- WHAT IS BEING ASKED
Make an exact copy, from the records below, of the lines from the line containing "Gambar 2 Para penceramah membawakan materi" to the line containing "Fotos No 1 y", both lines included, excluding pictures.

- EXERCISE INPUT
--- START ---
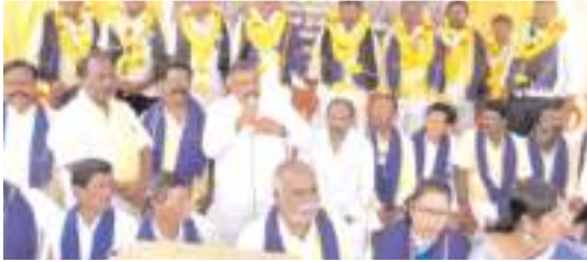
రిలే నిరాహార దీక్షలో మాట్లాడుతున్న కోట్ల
--- END ---
--- START ---
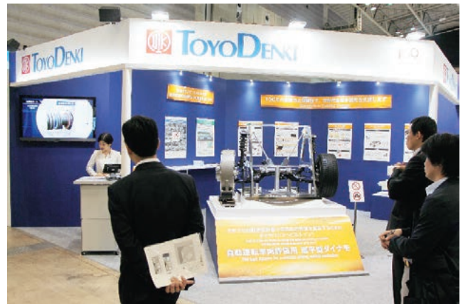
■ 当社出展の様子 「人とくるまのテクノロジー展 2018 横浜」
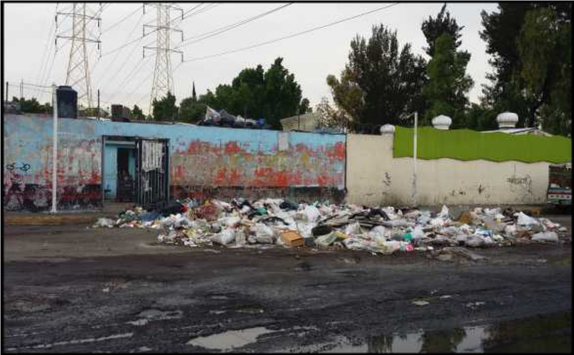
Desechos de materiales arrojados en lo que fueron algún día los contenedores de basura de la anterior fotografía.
--- END ---
--- START ---
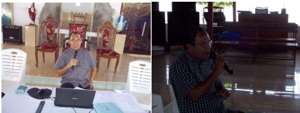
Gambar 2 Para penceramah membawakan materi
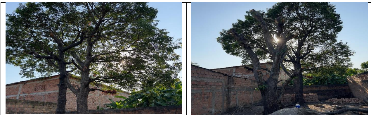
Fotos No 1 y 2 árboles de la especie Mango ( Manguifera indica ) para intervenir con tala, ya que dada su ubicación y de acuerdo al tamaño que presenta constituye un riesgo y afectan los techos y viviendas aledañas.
--- END ---
- RESPONSE FOR THIS EXERCISE
Gambar 2 Para penceramah membawakan materi
Fotos No 1 y 2 árboles de la especie Mango ( Manguifera indica ) para intervenir con tala, ya que dada su ubicación y de acuerdo al tamaño que presenta constituye un riesgo y afectan los techos y viviendas aledañas.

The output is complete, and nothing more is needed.